Cobus Loots, CEO of Pan African Resources, on delivering sector-leading returns for shareholders. Watch the video here.
Wondergoals, good find. Looks like Condor has set up a local facebook page and a local website to communicate local news at the mine https://www.minalaindia.com.ni
Just about every World Bank project gets a complaint from the political opposition masquerading as an environmental NGO. That's what's happening at La India. The Complaint Advisory Ombudsman is an independent part of the World Bank. They listen to both sides of a complaint and see if there is any merit and offer a dispute resolution service http://www.cao-ombudsman.org
Permits have been granted, around 500 people attended the PC. 700 locals have applied for jobs
B2Gold has problems with both mines in Nicaragua, they are losing money. See today's results. Condor can solve those problems by acquiring one of B2Gold's loss making mines or trucking high grade ore from La India to El Limon or La Libertade or a J/V.
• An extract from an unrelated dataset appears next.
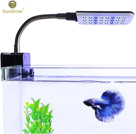Sungrow Small Rimless Aquarium Betta Fish Tank Clip On Light With Blue & White LED, Up To 10-Gal
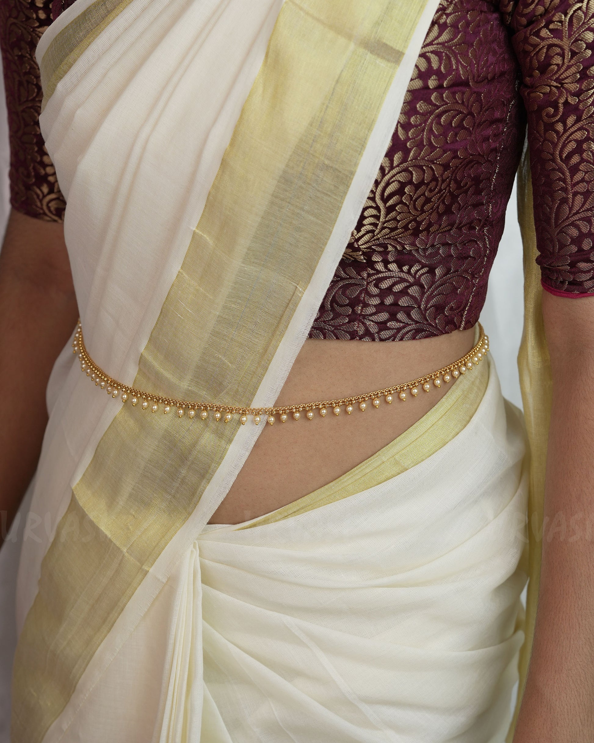 Add a touch of regal elegance to your traditional ensemble with this stunning Gold-Toned White Pearl Hanging Hip Chain. Crafted with a graceful combination of gold-toned metal and delicately suspended white pearls, this piece beautifully accentuates your waistline and brings a classic charm to any ethnic outfit.

B2Gold's estimated All in Sustaining cash costs (AISC) for full year 2018: $1,185 La Libertad and $1,385 to $1,435 for El Limon. on aggregate they are losing money and this excludes head office cost allocation and drilling/studies. Why? the ore is very low grade, they are running out of ore. Libertad Q3 grade 1.29g/t gold vs 2.07g/t year on year. Revenues are below the breakeven costs.
Condor's permitted open pit reserve is 675,000 oz gold at 3.1g/t gold, 140% higher than Libertad. Condor's resoruce is 2.4M oz gold at 4.0g/t gold and can double to 5M oz gold
The new high grade feeder pit on Mestiza, looks like 100k oz gold at 6 to10g/t gold
Surely: B2Gold has to replace unprofitable ore with profitable ore? It is not so much a question of plant capacity but best economics. Stop processing 1.29g/t uneconomic ore and process 7g/t economic ore and come to a profit sharing agreement with Condor? Note 31.104 gramme = 1 ounce gold. one gramme = roughly $40. Do B2Gold want to process ore worth $52 per tonne or $280 per tonne particularly when processing costs are fixed?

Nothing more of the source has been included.